Collected material →
+ + + +

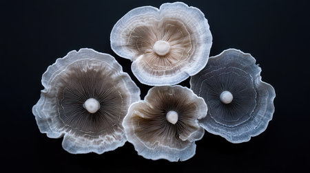A close-up view of four distinct mushrooms, each featuring a unique blend of white and brown tones, with a prominent white core at its center, set against a dark, contrasting background.
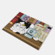 Un chat en tuxedo noir et blanc se réveille sur un plateau de cuisine avec ses livres de cuisine, tasse à café, sucre et crème.
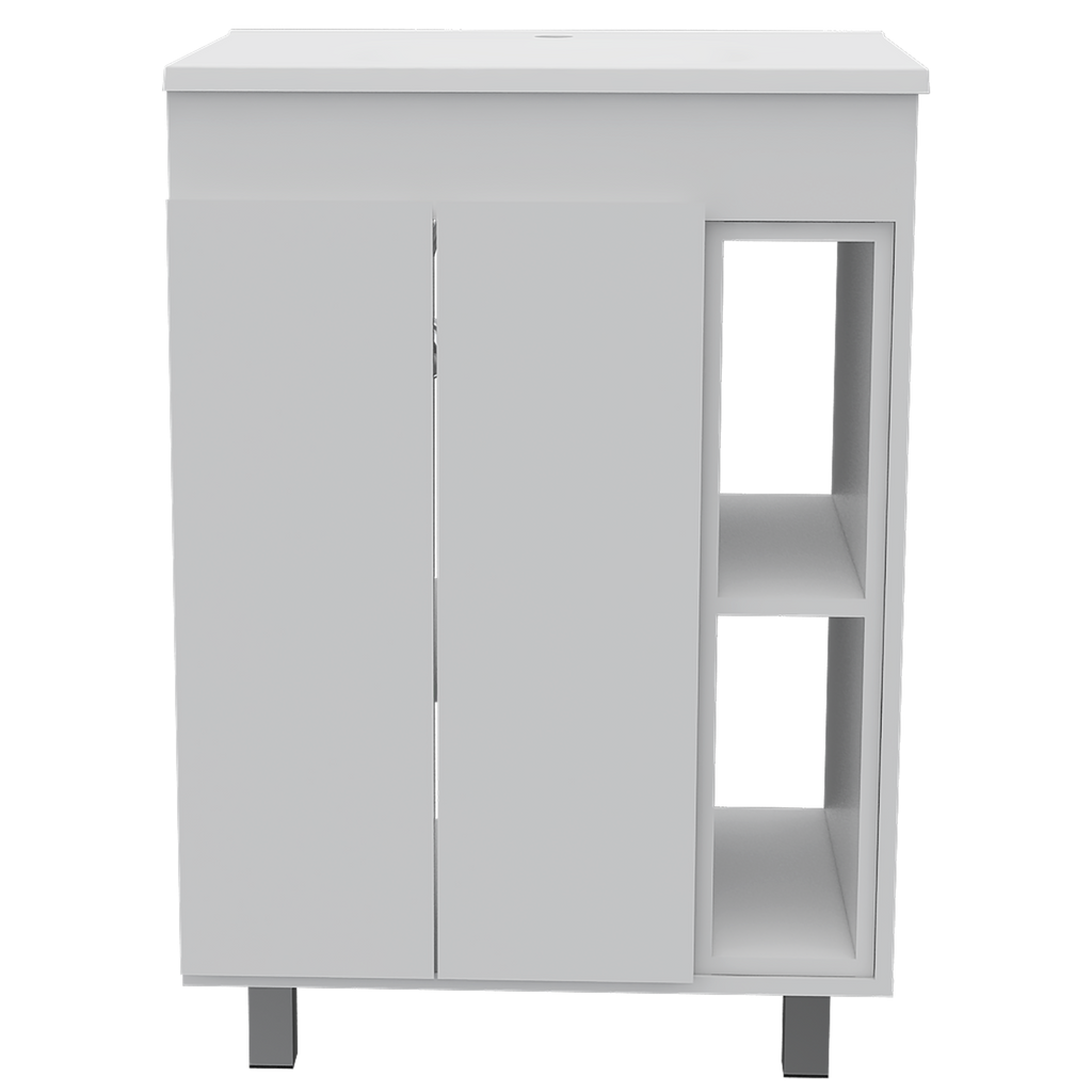 - Open cubby display space for décor and storage
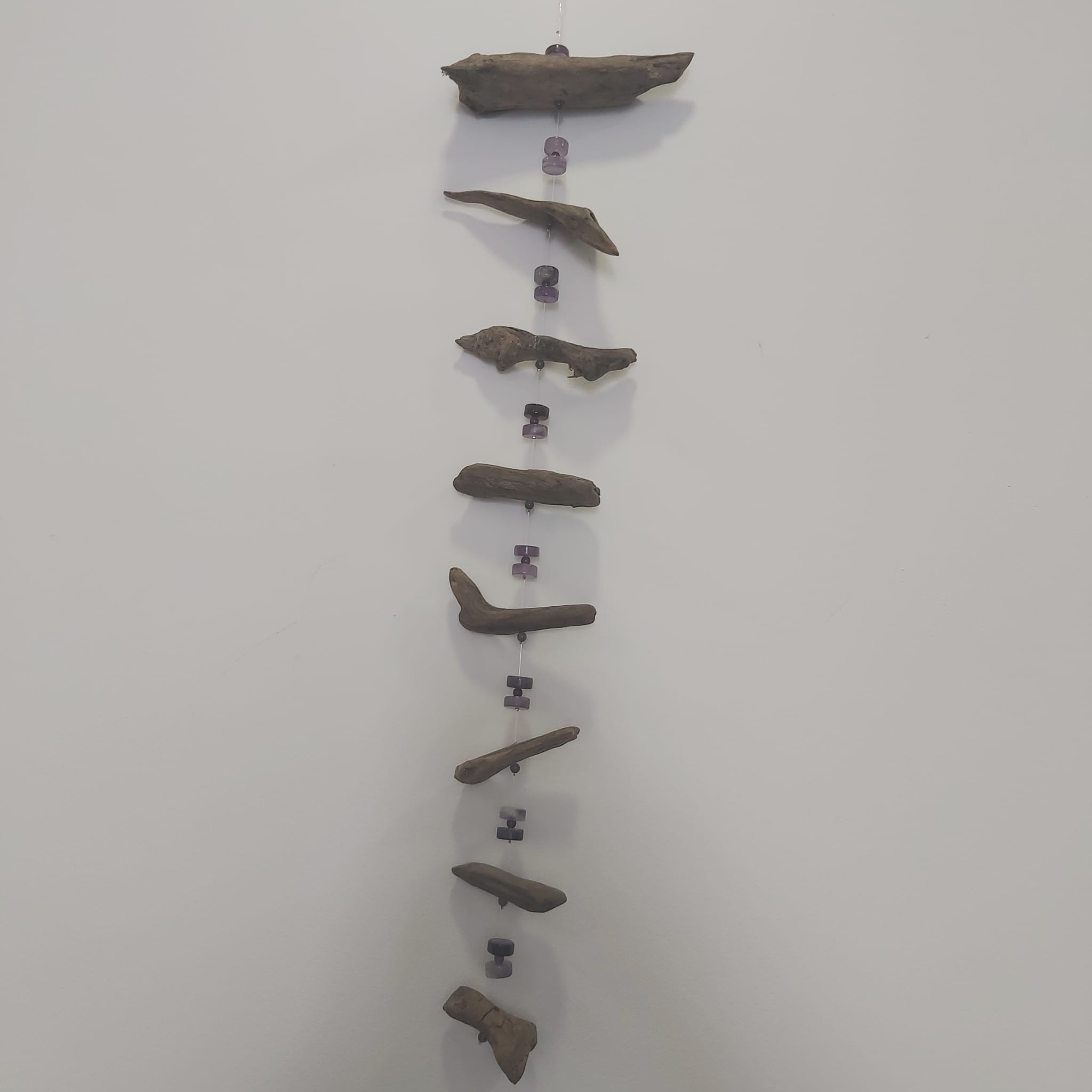 Mobilé de madeira flutuante e pedra ametista

+ + + +

Exercise description → Give back all the data exactly, minus pictures.

Response area →
A close-up view of four distinct mushrooms, each featuring a unique blend of white and brown tones, with a prominent white core at its center, set against a dark, contrasting background.
 Un chat en tuxedo noir et blanc se réveille sur un plateau de cuisine avec ses livres de cuisine, tasse à café, sucre et crème.
 - Open cubby display space for décor and storage
 Mobilé de madeira flutuante e pedra ametista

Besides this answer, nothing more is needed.